UNITED STATES OF AMERICA, Plaintiff, v. [1] SIXTO J COLON-TORRES, [2] FELIX A RAMOS-ROHENA, Defendants.


OPINION AND ORDER

SAIDA M. DELGADO-COLON UNITED STATES DISTRICT JUDGE

Pending before the Court are co-defendant Sixto J. Colon-Torres's ("Colon-Torres") objections, ECF No. 121, to the Report and Recommendation ("R&R") issued by United States Magistrate Judge Giselle Lopez-Soler ("Magistrate Judge"), ECF No. 114, and co-defendant Felix Ramos-Rohena's ("Ramos-Rohena") motion for joinder at ECF No. 122.

For the following reasons, defendants' motions at ECF Nos. 121,122 are DENIED. After a careful review of the record, the suppression hearing's transcripts, the evidence and the filings in this case, the Court hereby ADOPTS the R&R. ECF No. 114. Accordingly, the motions to suppress at ECF Nos. 46, 61 are DENIED.

I. Procedural Background

A Grand Jury returned an indictment charging defendants with conspiracy to possess with intent to distribute 5 or more kilograms of cocaine (Count One) and possession with intent to distribute the same amounts of cocaine (Count Two) in violation of 21 U.S.C. Sec. 841(a)(1), (b)(1)(A)(ii) and 846. ECF No. 17.

Defendants moved separately to suppress the government's evidence on Fourth Amendment grounds. See ECF Nos. 46, 61. U.S. CONST, amend. IV. Specifically, on October 1, 2020, Ramos-Rohena, through appointed counsel, filed a motion to suppress accompanied by several documents, including a declaration under penalty of perjury in support. ECF Nos. 46, 46-1. The government responded and Ramos-Rohena replied. ECF Nos. 46,46-1,53,54.

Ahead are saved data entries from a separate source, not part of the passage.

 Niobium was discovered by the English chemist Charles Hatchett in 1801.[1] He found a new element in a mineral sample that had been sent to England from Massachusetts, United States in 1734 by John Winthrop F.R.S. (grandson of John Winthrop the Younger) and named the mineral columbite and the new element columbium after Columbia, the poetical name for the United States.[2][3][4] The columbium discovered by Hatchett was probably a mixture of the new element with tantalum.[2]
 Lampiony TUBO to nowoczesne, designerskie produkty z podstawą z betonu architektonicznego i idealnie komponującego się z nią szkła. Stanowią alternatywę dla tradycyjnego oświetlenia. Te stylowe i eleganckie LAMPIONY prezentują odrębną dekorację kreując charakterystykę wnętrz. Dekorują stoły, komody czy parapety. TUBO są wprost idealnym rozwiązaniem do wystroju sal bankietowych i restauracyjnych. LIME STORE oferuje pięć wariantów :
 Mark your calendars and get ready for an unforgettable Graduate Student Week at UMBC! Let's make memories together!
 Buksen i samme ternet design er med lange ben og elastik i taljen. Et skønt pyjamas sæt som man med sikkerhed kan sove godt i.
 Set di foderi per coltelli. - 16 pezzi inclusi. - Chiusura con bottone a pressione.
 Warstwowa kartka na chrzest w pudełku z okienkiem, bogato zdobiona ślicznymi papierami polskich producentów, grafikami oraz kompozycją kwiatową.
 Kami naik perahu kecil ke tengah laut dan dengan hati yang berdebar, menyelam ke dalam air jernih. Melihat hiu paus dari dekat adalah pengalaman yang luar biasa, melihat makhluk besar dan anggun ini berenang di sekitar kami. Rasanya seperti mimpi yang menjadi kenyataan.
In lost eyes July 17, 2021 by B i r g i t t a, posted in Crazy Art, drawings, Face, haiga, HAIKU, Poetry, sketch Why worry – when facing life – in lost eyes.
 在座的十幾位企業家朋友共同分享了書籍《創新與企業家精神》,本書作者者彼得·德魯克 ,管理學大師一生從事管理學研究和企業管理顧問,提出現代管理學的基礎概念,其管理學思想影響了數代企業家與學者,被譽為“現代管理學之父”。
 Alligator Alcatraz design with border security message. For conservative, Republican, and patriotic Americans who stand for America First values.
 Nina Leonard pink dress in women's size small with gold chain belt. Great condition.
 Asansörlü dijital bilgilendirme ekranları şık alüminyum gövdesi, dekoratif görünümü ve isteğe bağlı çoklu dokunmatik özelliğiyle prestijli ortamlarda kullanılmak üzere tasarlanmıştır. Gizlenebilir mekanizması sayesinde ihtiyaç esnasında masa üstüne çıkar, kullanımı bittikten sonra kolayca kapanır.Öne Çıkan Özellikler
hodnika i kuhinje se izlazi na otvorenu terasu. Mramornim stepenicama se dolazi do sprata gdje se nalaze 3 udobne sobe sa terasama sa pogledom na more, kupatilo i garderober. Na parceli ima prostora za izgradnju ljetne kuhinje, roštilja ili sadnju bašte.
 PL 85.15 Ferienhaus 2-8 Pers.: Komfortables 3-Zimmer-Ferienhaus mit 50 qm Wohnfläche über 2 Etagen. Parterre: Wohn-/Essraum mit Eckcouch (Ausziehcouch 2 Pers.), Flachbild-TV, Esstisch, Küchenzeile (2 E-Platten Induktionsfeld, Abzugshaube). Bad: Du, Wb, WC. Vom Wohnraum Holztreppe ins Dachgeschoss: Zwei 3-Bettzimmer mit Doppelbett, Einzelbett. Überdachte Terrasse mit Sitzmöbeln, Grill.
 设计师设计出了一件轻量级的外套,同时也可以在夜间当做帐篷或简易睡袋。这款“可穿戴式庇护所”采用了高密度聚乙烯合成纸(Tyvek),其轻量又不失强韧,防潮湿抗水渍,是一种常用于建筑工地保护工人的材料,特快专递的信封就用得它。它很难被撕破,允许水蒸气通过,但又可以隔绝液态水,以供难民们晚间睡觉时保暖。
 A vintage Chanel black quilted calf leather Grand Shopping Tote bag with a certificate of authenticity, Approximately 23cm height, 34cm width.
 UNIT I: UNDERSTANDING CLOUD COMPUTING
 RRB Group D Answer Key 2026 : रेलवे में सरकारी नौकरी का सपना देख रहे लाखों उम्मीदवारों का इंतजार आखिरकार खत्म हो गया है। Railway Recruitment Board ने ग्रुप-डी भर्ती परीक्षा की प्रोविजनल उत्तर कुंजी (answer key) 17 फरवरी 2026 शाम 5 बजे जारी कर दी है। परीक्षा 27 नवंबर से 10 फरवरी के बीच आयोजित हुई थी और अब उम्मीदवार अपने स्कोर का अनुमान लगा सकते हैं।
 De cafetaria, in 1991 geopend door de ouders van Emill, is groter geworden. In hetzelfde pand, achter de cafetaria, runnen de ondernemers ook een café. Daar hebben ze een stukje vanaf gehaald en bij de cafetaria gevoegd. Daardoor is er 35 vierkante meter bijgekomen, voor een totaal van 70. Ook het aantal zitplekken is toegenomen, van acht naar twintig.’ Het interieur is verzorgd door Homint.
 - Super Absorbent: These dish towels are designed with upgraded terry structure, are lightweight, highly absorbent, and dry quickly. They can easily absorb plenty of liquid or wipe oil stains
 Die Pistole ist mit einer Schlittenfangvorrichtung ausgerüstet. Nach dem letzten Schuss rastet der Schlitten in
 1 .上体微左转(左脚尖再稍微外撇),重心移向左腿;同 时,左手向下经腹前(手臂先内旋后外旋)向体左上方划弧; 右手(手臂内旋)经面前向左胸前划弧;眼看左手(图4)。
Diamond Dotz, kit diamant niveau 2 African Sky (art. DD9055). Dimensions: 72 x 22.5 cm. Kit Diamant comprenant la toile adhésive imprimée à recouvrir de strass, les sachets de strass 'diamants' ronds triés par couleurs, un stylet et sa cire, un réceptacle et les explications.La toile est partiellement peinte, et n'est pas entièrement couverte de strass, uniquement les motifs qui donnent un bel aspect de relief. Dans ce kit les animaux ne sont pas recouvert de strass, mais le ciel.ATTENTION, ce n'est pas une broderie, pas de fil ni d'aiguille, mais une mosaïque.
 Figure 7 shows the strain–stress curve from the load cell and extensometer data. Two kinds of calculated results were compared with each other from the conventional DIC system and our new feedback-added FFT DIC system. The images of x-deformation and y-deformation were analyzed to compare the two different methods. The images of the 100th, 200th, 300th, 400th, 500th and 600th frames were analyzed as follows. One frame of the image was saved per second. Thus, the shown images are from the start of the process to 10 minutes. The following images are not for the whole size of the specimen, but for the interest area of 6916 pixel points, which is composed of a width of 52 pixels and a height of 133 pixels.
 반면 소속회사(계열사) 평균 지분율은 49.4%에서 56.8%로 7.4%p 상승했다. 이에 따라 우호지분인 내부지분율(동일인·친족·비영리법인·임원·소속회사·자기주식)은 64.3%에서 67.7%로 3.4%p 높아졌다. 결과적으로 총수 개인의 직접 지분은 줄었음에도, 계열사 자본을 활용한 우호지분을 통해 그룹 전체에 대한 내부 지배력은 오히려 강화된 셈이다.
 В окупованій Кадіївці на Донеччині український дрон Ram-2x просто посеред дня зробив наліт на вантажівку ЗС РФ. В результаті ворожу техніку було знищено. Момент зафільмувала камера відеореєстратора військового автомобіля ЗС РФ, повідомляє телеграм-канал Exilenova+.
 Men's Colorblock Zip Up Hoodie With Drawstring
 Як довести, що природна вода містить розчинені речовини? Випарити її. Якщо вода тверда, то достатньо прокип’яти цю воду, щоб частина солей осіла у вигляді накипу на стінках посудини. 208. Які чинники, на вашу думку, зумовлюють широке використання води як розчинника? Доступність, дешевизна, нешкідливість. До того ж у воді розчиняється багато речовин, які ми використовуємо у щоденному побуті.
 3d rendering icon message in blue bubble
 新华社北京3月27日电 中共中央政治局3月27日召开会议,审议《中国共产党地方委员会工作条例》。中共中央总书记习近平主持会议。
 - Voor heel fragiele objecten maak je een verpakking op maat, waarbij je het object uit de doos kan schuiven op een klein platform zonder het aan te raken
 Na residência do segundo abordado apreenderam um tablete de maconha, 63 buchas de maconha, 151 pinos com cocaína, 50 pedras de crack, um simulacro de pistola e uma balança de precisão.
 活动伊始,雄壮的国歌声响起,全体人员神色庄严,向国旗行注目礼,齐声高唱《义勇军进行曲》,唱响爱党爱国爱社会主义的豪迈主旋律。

On December 11, 2020, Colon-Torres filed his motion to supress. ECF No. 61. Notably, unlike Ramos-Rohena's motion, Colon-Torres's motion did not include any affidavit or declaration in support. See id. Colon-Torres simply stated he "joined" Ramos-Rohena's motion to suppress and requested a hearing to "determine the reliability of the K-9 alert." Id., at 1.

The lack of a declaration from Colon-Torres becomes more relevant due to the fact that Colon-Torres did not testify in the suppression hearing. Therefore, as discussed elsewhere in this Opinion and Order, the Court has no statement, declaration, evidence or filing from Colon-Torres in support of his Fourth Amendment challenge.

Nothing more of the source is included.